━━ INPUT DATA

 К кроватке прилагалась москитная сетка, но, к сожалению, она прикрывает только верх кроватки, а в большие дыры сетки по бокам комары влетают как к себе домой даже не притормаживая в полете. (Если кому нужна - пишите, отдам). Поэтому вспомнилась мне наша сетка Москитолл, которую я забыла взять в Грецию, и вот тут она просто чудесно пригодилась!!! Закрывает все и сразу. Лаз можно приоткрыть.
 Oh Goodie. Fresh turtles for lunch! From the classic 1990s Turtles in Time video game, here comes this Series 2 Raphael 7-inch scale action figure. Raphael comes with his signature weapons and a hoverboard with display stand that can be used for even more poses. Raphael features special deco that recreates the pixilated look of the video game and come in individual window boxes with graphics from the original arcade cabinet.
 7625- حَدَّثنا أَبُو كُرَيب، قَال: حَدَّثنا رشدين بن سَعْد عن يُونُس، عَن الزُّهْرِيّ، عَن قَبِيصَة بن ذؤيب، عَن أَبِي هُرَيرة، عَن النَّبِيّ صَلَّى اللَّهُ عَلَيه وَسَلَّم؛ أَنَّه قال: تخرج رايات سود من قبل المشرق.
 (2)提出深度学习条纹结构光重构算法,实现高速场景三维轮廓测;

━━━━
━━ INPUT DATA

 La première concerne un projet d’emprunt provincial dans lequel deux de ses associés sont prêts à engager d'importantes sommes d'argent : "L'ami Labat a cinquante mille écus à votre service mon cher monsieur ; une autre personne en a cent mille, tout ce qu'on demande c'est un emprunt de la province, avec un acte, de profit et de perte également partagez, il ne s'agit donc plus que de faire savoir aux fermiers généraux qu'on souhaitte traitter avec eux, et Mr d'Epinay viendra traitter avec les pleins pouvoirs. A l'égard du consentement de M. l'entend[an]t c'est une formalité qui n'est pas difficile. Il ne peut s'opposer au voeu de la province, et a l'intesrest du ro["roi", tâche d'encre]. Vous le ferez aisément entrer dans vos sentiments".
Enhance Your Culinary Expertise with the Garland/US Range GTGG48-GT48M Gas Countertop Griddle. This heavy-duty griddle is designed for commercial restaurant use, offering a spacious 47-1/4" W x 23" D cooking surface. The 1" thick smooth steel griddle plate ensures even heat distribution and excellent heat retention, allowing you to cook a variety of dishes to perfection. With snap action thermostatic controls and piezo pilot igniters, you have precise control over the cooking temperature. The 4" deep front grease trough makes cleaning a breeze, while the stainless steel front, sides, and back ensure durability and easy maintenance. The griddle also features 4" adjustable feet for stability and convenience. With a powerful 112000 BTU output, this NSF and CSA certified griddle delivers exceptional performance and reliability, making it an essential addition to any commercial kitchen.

━━━━

◆ WHAT THIS TASK INVOLVES:
Filter the entries and keep only the lines holding "features".

◆ RESPONSE FOR THIS EXERCISE:
 Oh Goodie. Fresh turtles for lunch! From the classic 1990s Turtles in Time video game, here comes this Series 2 Raphael 7-inch scale action figure. Raphael comes with his signature weapons and a hoverboard with display stand that can be used for even more poses. Raphael features special deco that recreates the pixilated look of the video game and come in individual window boxes with graphics from the original arcade cabinet.
Enhance Your Culinary Expertise with the Garland/US Range GTGG48-GT48M Gas Countertop Griddle. This heavy-duty griddle is designed for commercial restaurant use, offering a spacious 47-1/4" W x 23" D cooking surface. The 1" thick smooth steel griddle plate ensures even heat distribution and excellent heat retention, allowing you to cook a variety of dishes to perfection. With snap action thermostatic controls and piezo pilot igniters, you have precise control over the cooking temperature. The 4" deep front grease trough makes cleaning a breeze, while the stainless steel front, sides, and back ensure durability and easy maintenance. The griddle also features 4" adjustable feet for stability and convenience. With a powerful 112000 BTU output, this NSF and CSA certified griddle delivers exceptional performance and reliability, making it an essential addition to any commercial kitchen.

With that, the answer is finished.